Chicken Gyro Marinade

  • 1 cup plain Greek yogurt (whole milk preferred)
  • 1 lemon, juiced
  • 2 tablespoons extra virgin olive oil
  • 2 tablespoons red wine vinegar
  • 3 garlic cloves, minced
  • 1 tablespoon oregano
  • 1 teaspoon sweet paprika
  • 1 teaspoon ground cumin
  • 1 teaspoon ground coriander
  • 1 pinch cayenne pepper (optional)
  • Kosher salt, to taste
  • Black pepper, to taste
  • 1 1/2 pounds chicken tenderloin (often labeled “tenders”)

Assembly

  • Pita bread
  • Tzatziki sauce
  • 1 large tomato, sliced
  • 1 cucumber, sliced
  • 1 green bell pepper, cored and sliced
  • 1 small red onion, halved and sliced
  • Pitted Kalamata olives

Instructions

  1. Marinate the chicken: In a large mixing bowl, combine Greek yogurt, lemon juice, olive oil, red wine vinegar, minced garlic, oregano, sweet paprika, ground cumin, ground coriander, cayenne pepper (if using), salt, and black pepper.
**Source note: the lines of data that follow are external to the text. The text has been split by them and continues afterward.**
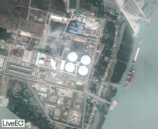 O niekoľko kilometrov ďalej na východ, 50 kilometrov od mangrovových lesov, vzniká celý energetický klaster. Satelitné snímky ukazujú uhoľnú elektráreň Payra, ktorá bola uvedená do prevádzky koncom roka 2020. Elektráreň s výkonom 1320 megawattov stála Bangladéš najmenej dve miliardy dolárov, z čoho 80 percent financovala Exportno-importná banka Číny.
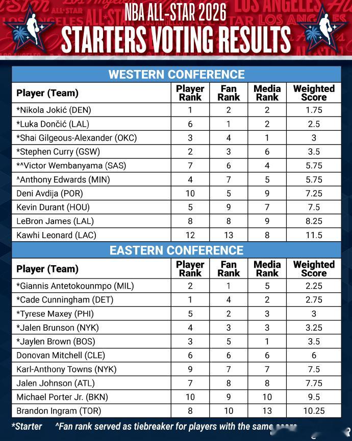 2026NBA全明星东部首发2026nba全明星西部首发詹姆斯连续21年入选全明星首发纪录终结 NBA全明星首发出炉!西部全明星首发为东契奇,库里,亚历山大,文班亚马,约基奇东部全明星首发为字母哥,坎宁安,布伦森,杰伦布朗,马克西詹姆斯21年来首次无缘全明星首发
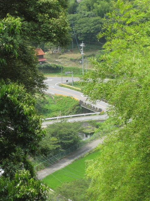 先ほど驚嘆と共に初めて水圧鉄管へまみえたとき進んだ地区道も、今やこんなに遥か下の方にあった。[11:30:22]
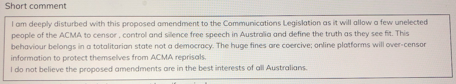 More of your submissions to ACMA in opposition to their plans to silence Australians
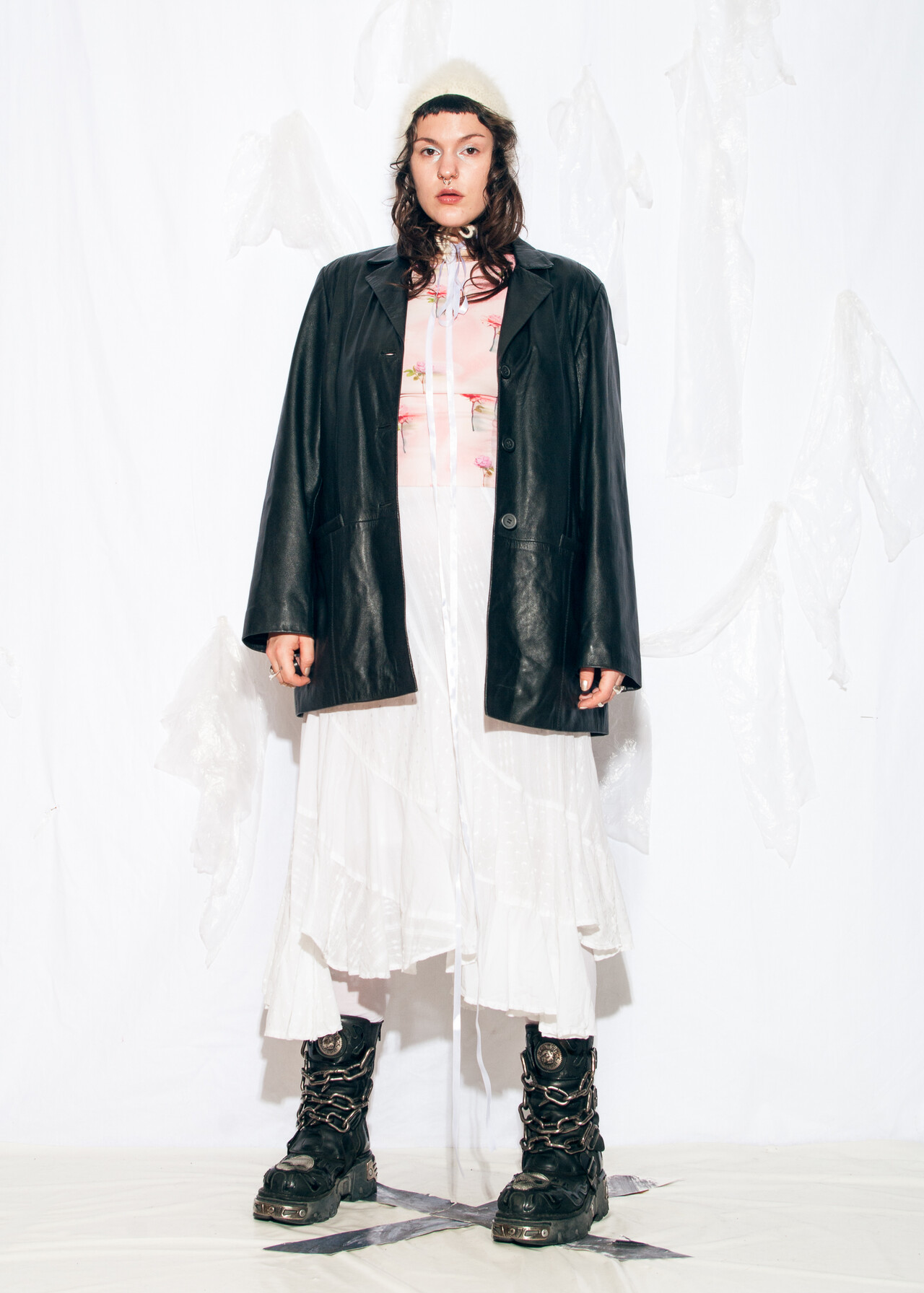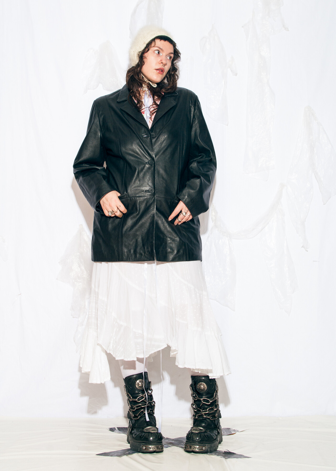 This Y2K vintage coat is the leather superhero cape for anyone ready to dodge raindrops like they’re in the Matrix!
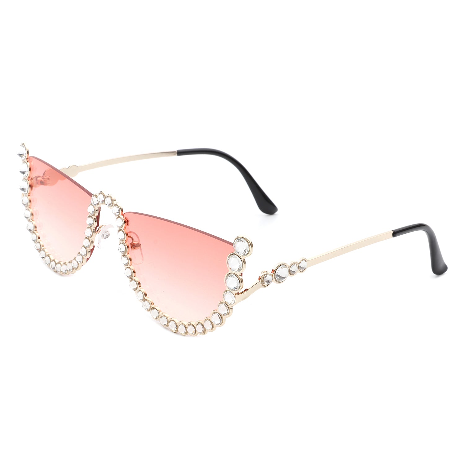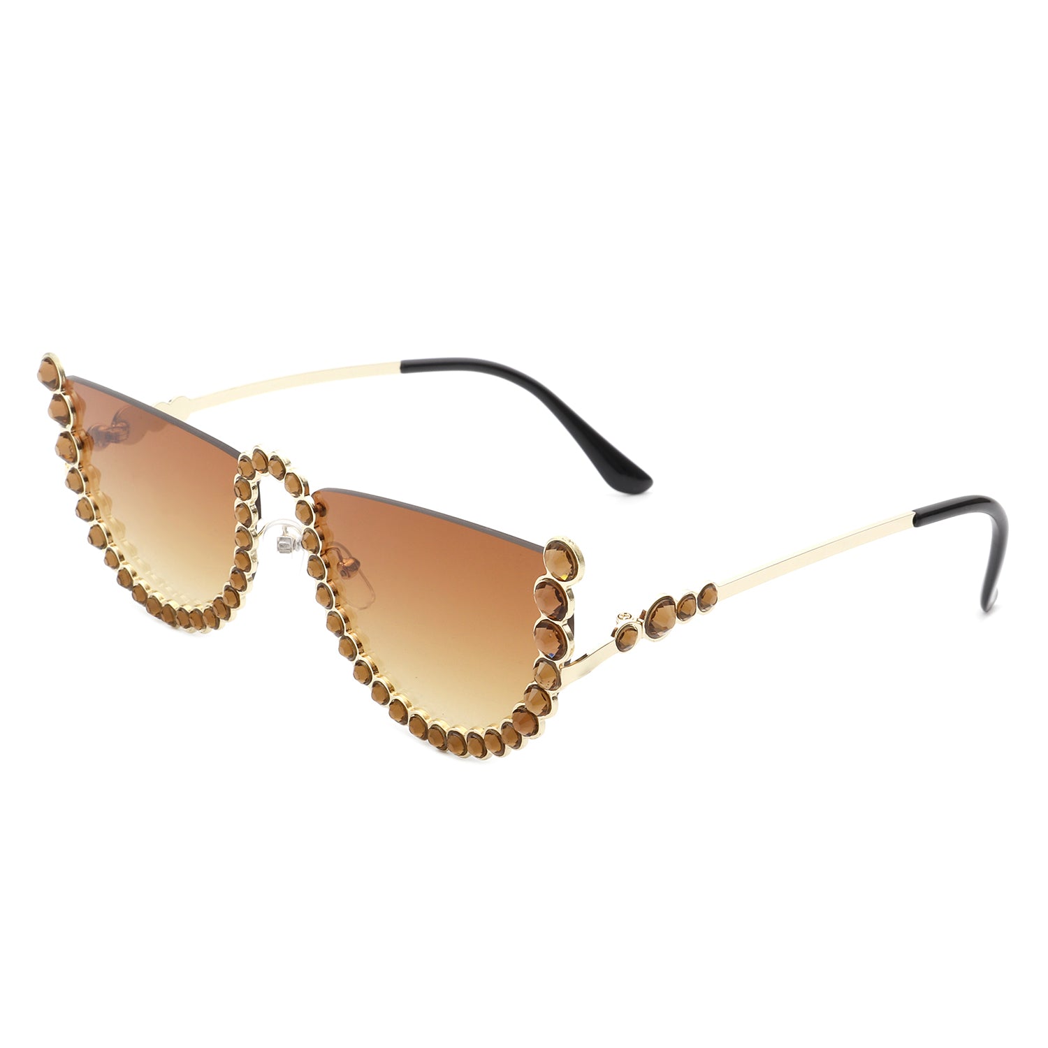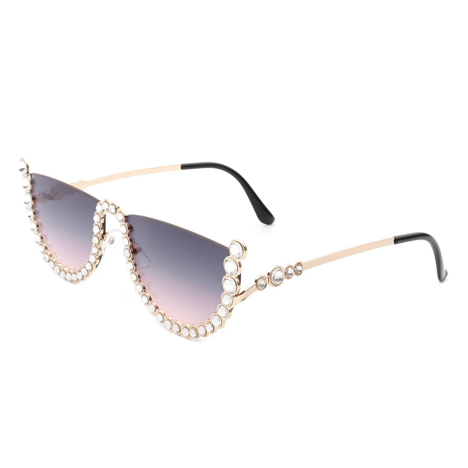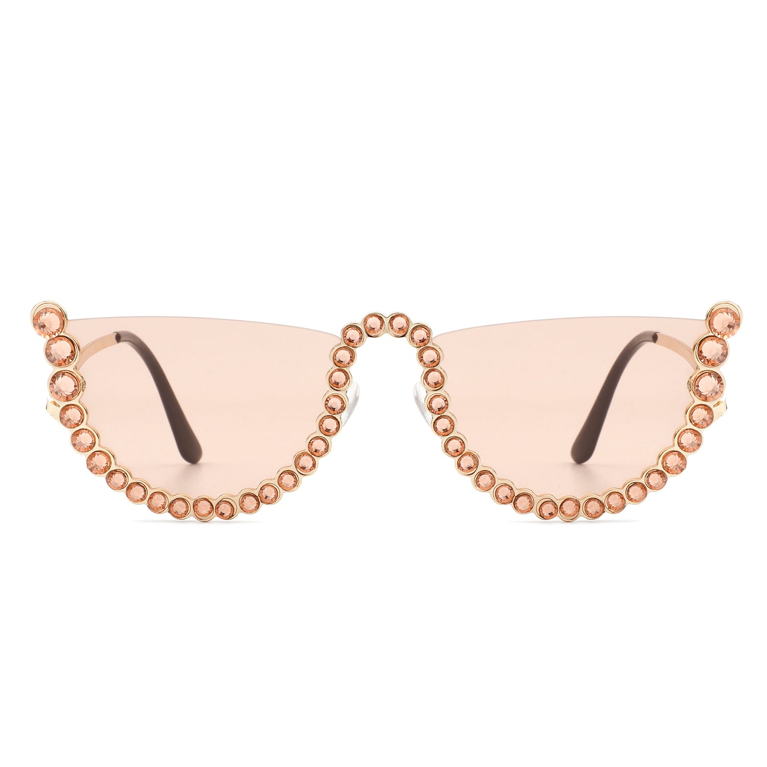 The Florinda sunglasses feature a unique half-frame design that combines elegance with modern flair. The round shape is flattering for various face shapes, making them a versatile choice for any outfit. The rhinestone embellishments add a touch of glamour, making these sunglasses perfect for both casual outings and special occasions.

Mix thoroughly until well combined. Add the chicken tenderloins and toss to coat each piece evenly with the marinade. Cover the bowl and refrigerate for at least 30 minutes, or ideally overnight for maximum flavor infusion.
  2. Cook the chicken: Heat about 1 tablespoon of olive oil in a non-stick skillet over medium-high heat until shimmering but not smoking. Remove excess marinade from chicken pieces by shaking them off gently. Place the chicken in the skillet without overcrowding, and cook undisturbed on one side until well browned, about 5 minutes. Flip the chicken with tongs and continue cooking until the chicken is cooked through and juices run clear, about 5 more minutes.
  3. Warm the pita bread: Place pita bread over a medium flame on a gas burner or heat in a dry skillet over medium heat until warm and pliable, about 1-2 minutes per side. Handle carefully to avoid burning.
  4. Assemble the gyros: Lay the warmed pita on a plate and spread a generous layer of tzatziki sauce over it. Add 2 to 3 cooked chicken tenderloins per pita. Top with sliced tomato, cucumber, green bell pepper, red onion, and Kalamata olives according to your preference. Wrap the pita around the fillings and serve immediately.

Notes

  • For best flavor, marinate the chicken overnight, but if short on time, 30 minutes will also work.
  • Use whole milk Greek yogurt for a creamier marinade; low-fat versions can be used but may yield less tender chicken.
  • You can substitute chicken breast cut into strips if tenderloins are unavailable.
  • To make it spicier, increase the amount of cayenne pepper or add a dash of hot sauce.
  • Tzatziki sauce can be homemade or store-bought for convenience.
  • Store leftover cooked chicken separately from pita and vegetables to prevent sogginess.